I am always reminded of the words of investor and financier Sir John Templeton: “To buy when others are desperately selling, and to sell when others are greedily buying, requires the greatest fortitude and pays the greatest reward.”
Thus, when we experienced the financial crisis of 2008, with shares falling heavily, I bought into excellent businesses on double-figure yields such as BBA Aviation and Fenner, the industrials group, being richly rewarded when markets recovered. Of course, there is absolutely no guarantee that history will repeat itself, but one has to take the optimistic view that we will get through this crisis.
Back to today. With the benefit of hindsight, I obviously reinvested my takeover proceeds too soon, but thankfully in solid, well-stewarded businesses, all of which survive. However, I am resigned to a significant loss of dividend income this year.

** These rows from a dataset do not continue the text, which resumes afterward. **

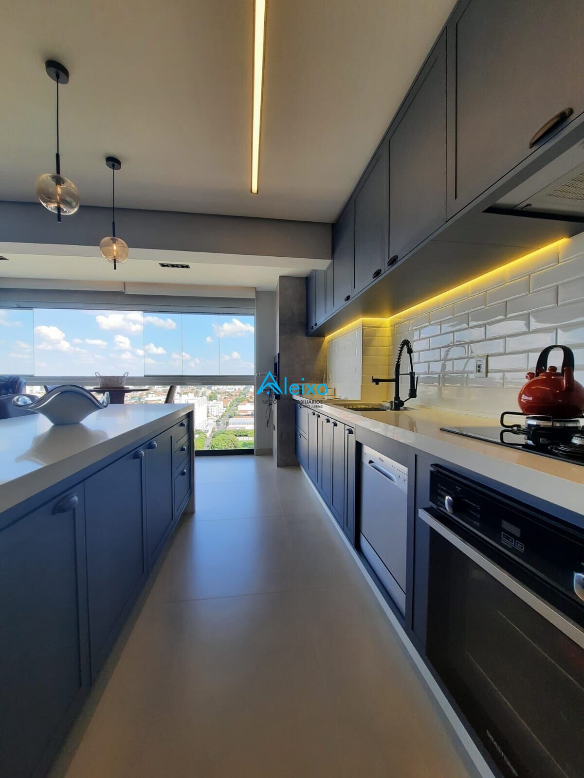 Espaço gourmet integrado com cooktop, coifa e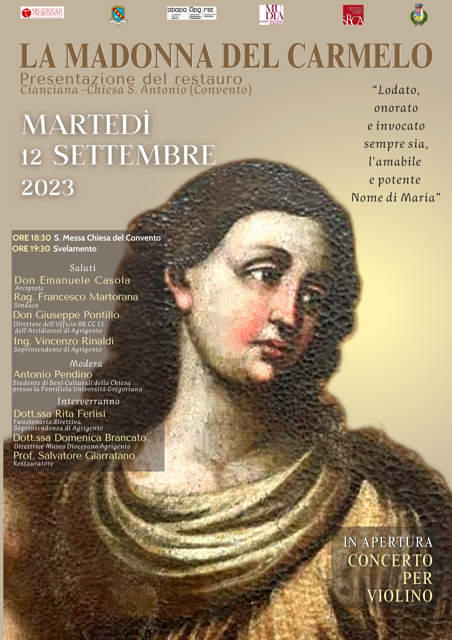Daranno i saluti padre Emanuele Casola, Arciprete di Cianciana, Francesco Martorana , Sindaco di Cianciana, padre Giuseppe Pontillo, Direttore dell’Ufficio Beni Culturali dell’Arcidiocesi e il Soprintendente di Agrigento Vincenzo Rinaldi. Interverranno Rita Ferlisi, Storico dell’Arte della Soprintendenza, Domenica Brancato Storico dell’arte dell’Arcidiocesi, Salvatore Giarratano, Restauratore; modererà Antonio Pendino Studente della Pontificia Università Gregoriana.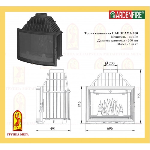 Каминная топка Мета Ardenfire Панорама 700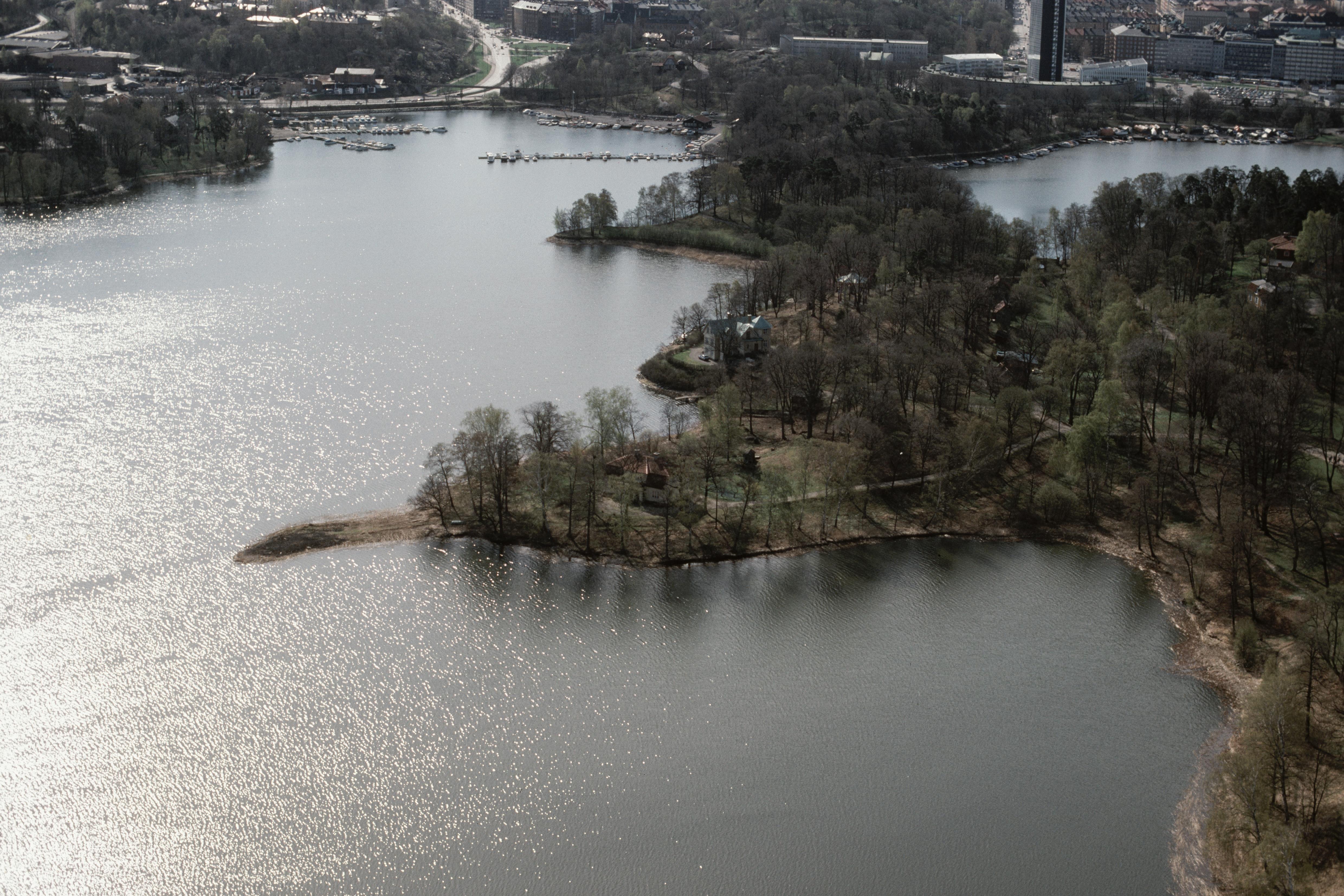 Beskrivning: Gamla Haga RAÄnr Solna 30:1-3 i Hagaparken vid Brunnsviken. Villa Ädelsten och Villa Valhalla m.fl. I bildens övre del Vasastaden och Wenner-Gren Center i Stockholms innerstad. Bilden är tagen mot (väderstreck): SO

My dividend heroes will be hopefully those companies with strong cash reserves — in my portfolio, these include Anpario, Cerillion, Concurrent Technologies and FW Thorpe. Also, I have every confidence that Treatt, my largest Isa holding, will maintain dividend payments.
Question marks remain over holdings such as Aviva and PZ Cussons, but hopefully they will be very reluctant to destroy their long, positive dividend histories.

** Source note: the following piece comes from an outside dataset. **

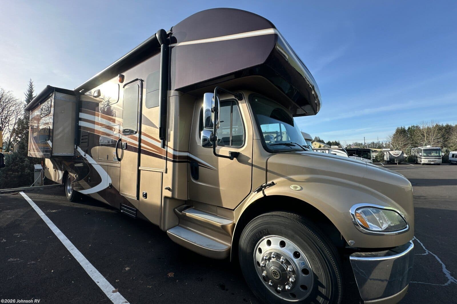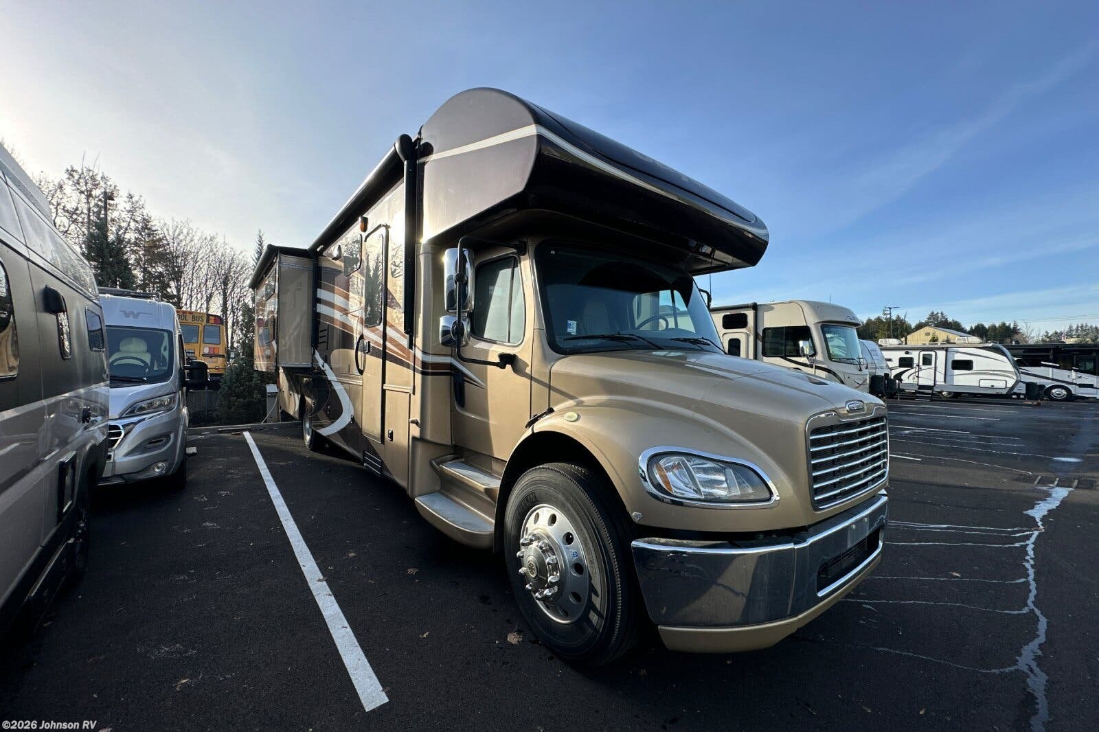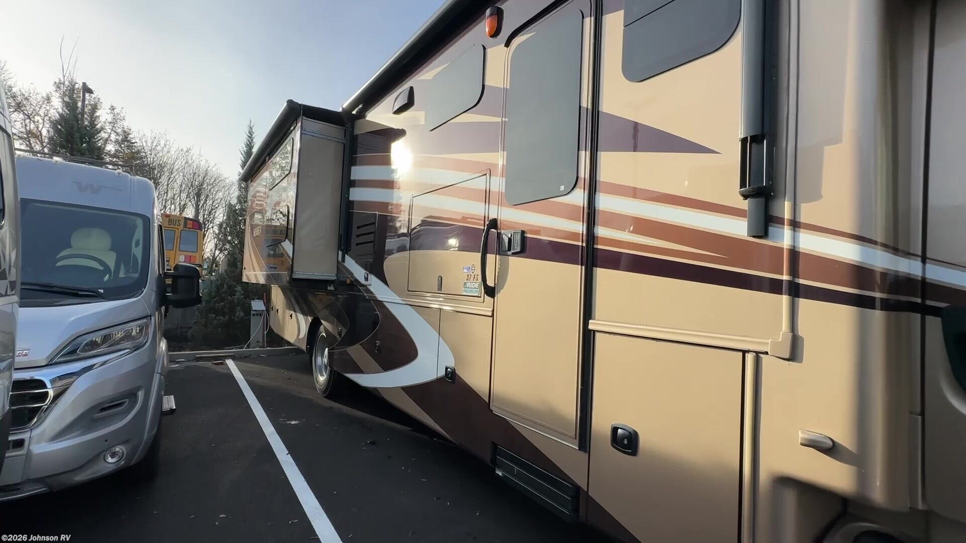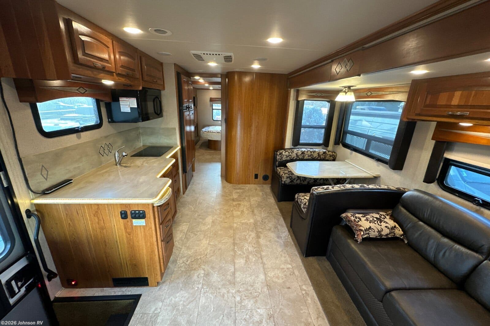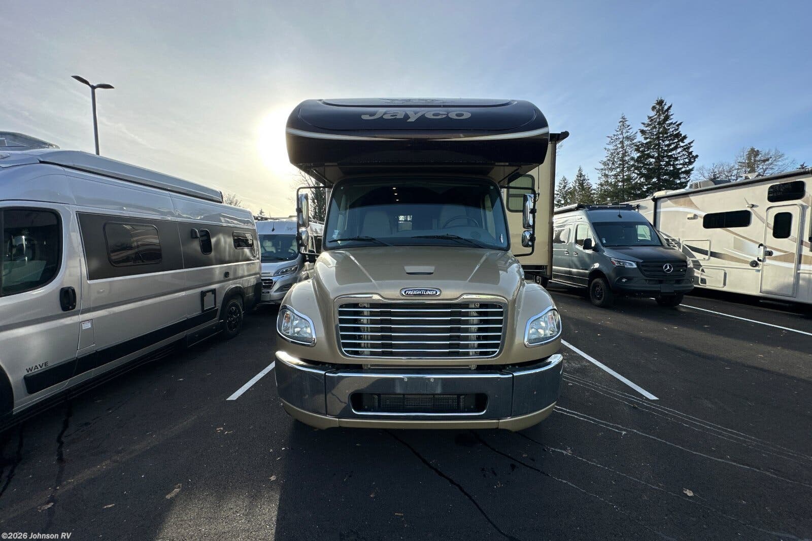 The 2016 Jayco Seneca 37FS is a robust Super C motorhome that blends residential luxury with the durability of a Freightliner M2 chassis. Powered by a 6.7L Cummins ISB diesel engine delivering 340 horsepower and 660 lb-ft of torque, this RV is built for long-haul comfort and towing confidence, with a 10,000-pound hitch rating and a 74-gallon fuel tank. Measuring 38.8 feet in length, the 37FS features two slide-outs that expand the living space, accommodating up to 10 people. The floorplan includes a rear king bed, a set of bunk beds, a cab-over queen bed, a hide-a-bed sofa, and a convertible dinette. The mid-coach bathroom offers a corner shower, porcelain toilet, and ample storage. The kitchen is equipped with a full-size 12 cu. ft. refrigerator with ice maker, convection microwave, two-burner cooktop, and solid-surface countertops. Entertainment options include three TVs (including an exterior entertainment center), surround sound, and a touch-screen infotainment system with GPS.

We have seen some extraordinary price volatility in recent days. Air Partner was driven down by heavy selling and obvious concerns about the aviation industry to a low of 17p. It has since rallied by well over 100 per cent to more than 40p, as investors took a more positive view of the company’s survival — one I very much share as a long-term holder.
In February, I had slightly trimmed my Treatt holding selling at 533p and 540p. However, when I received my Treatt dividend I used part of it to buy back half of what I had sold at an unbelievable 319p — selling them again just a day later at 389p.

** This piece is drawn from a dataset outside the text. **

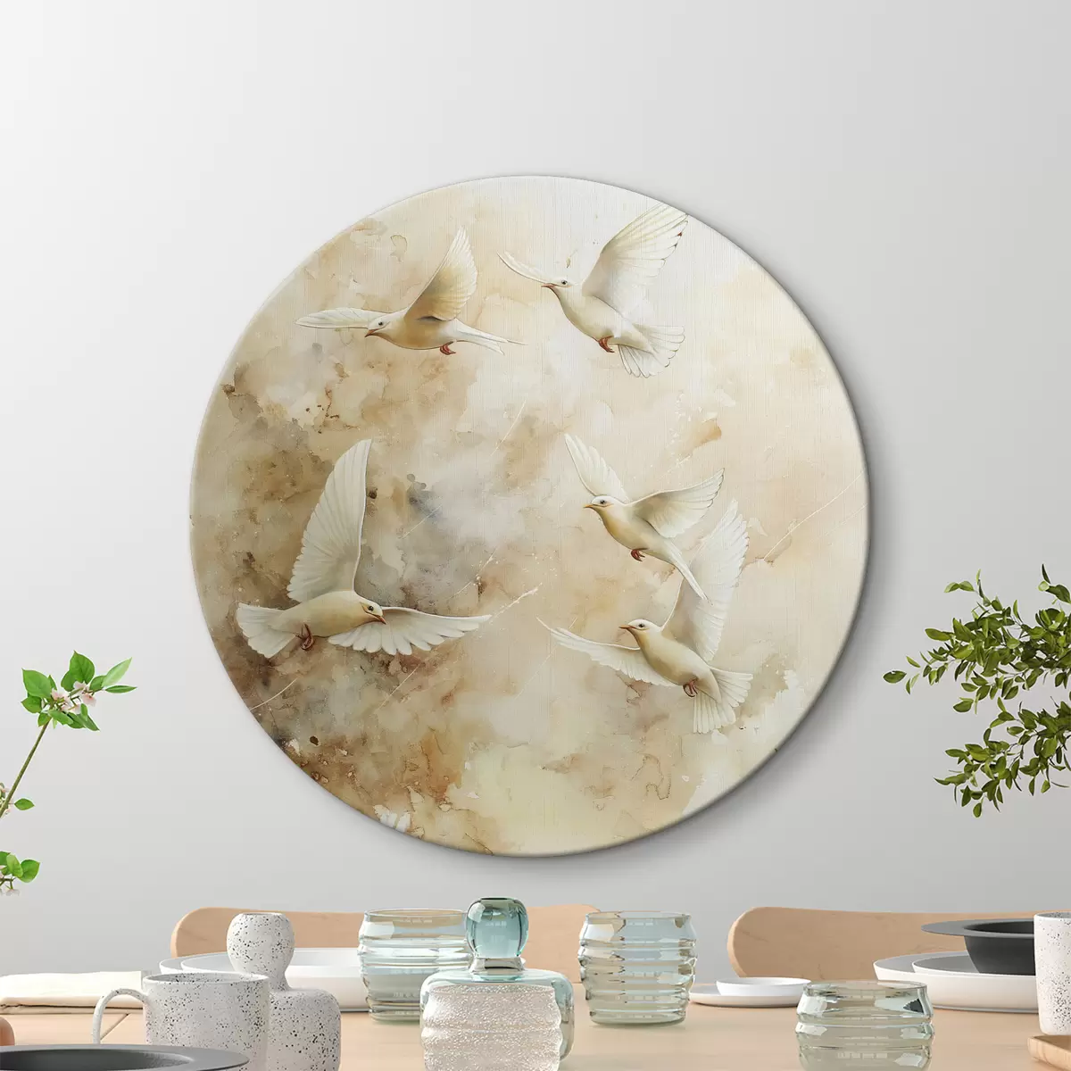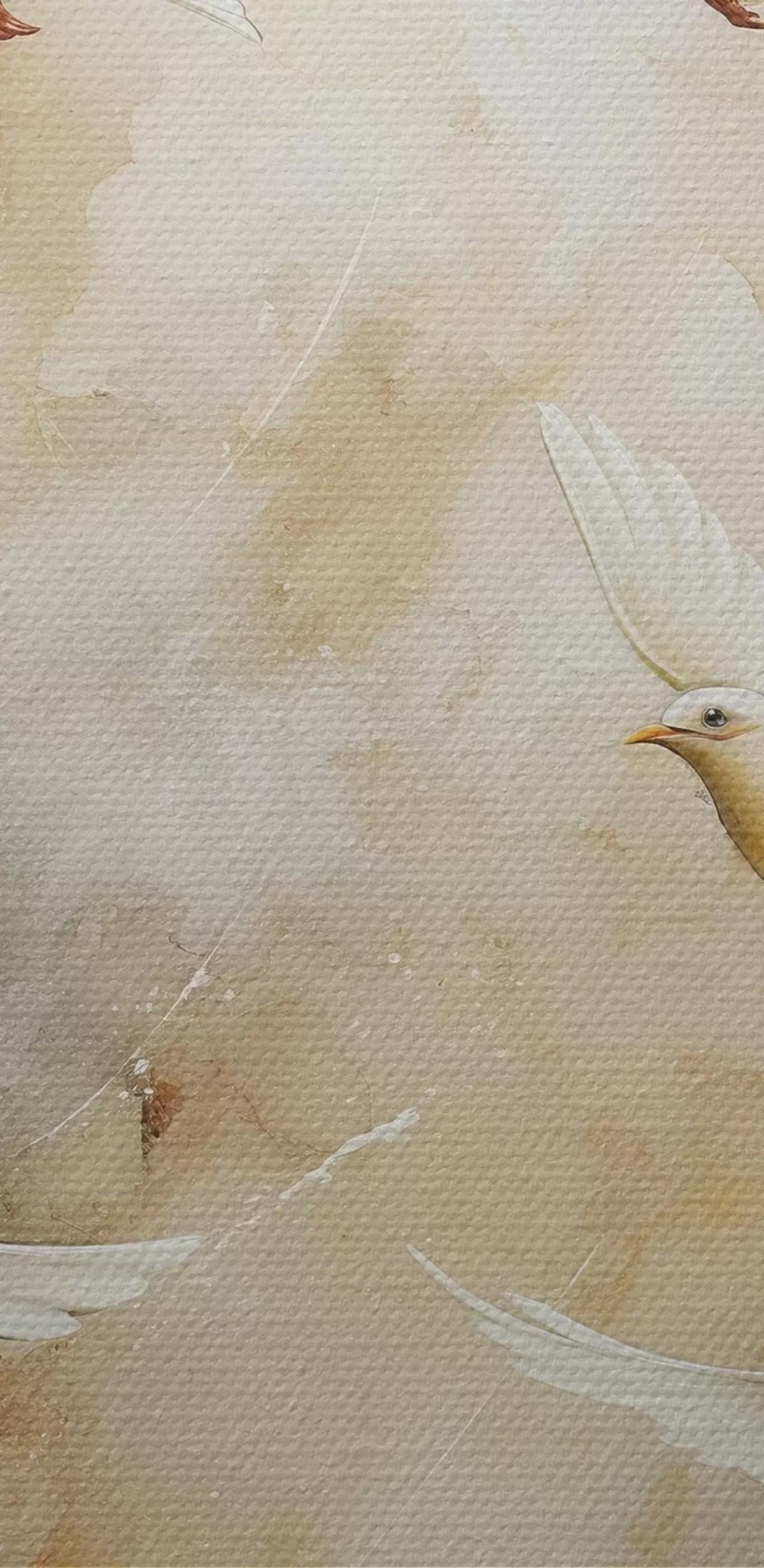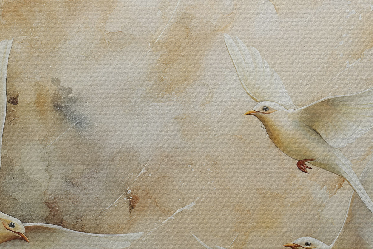 Obrázek Akvarel létající holubi, jemné béžové a bílé barvy Nr r39977

I was even more fortunate with Shell, judging them to be ridiculously oversold at £10.10 on a yield of 14 per cent. I sold 10 days later at £14. As regular readers of my column know, I am not normally a “trader”, but home-isolating generates plenty of free time.
With so many depressed share prices, it will be interesting to see whether any predators swoop on the vulnerable, although most investment bankers are likely to be focused on rights issues for some while. In time, this will become an issue for private investors who will be tapped for further equity or face dilution.
But I am thankful that I benefited from so many takeovers last year. Looking back, there is no way that we Tarsus shareholders would have been offered 425p today, with so many events being cancelled or deferred.
Over the years, I have drawn attention to the absurd discount to net asset value prevailing at family-controlled property company Daejan. In June, when its shares were £56 (approximately half its published NAV) I wrote, “I would think it makes sense to take Daejan private at the midway price, say £80, everyone would be happy and the controlling families would be spared further castigation over the board diversity issue.”
Well, suffice to say, it duly happened at virtually precisely that figure! One fellow shareholder who benefited was Nigel Fenton, my good friend and a partner in the famous Hendersyde Beat of the Tweed, near Kelso in the Scottish borders, where I have been privileged to fish for these past 20 years.
Nigel reinvested his proceeds from the Charles Taylor takeover in Daejan and industrial property owner Hansteen. When Hansteen was itself taken over, he bought more Daejan with those further proceeds. The following day, the Daejan “take private” was announced.
Hopefully, his salmon fishing clients like me will have the same good fortune on the river. Which leads me to fervently hope and pray for signs that we are winning the fight against this ghastly virus and look forward to the time when our lives and the economy can emerge from isolation.
Selfishly, I am hoping to be able to cast a fly during my August Tweed week, and look forward to talking shares again on the river with Nigel.
Lord Lee of Trafford is an active private investor and author of the children’s book “Yummi Yoghurt — A First Taste of Stock Market Investment”. He is a shareholder in all the companies indicated.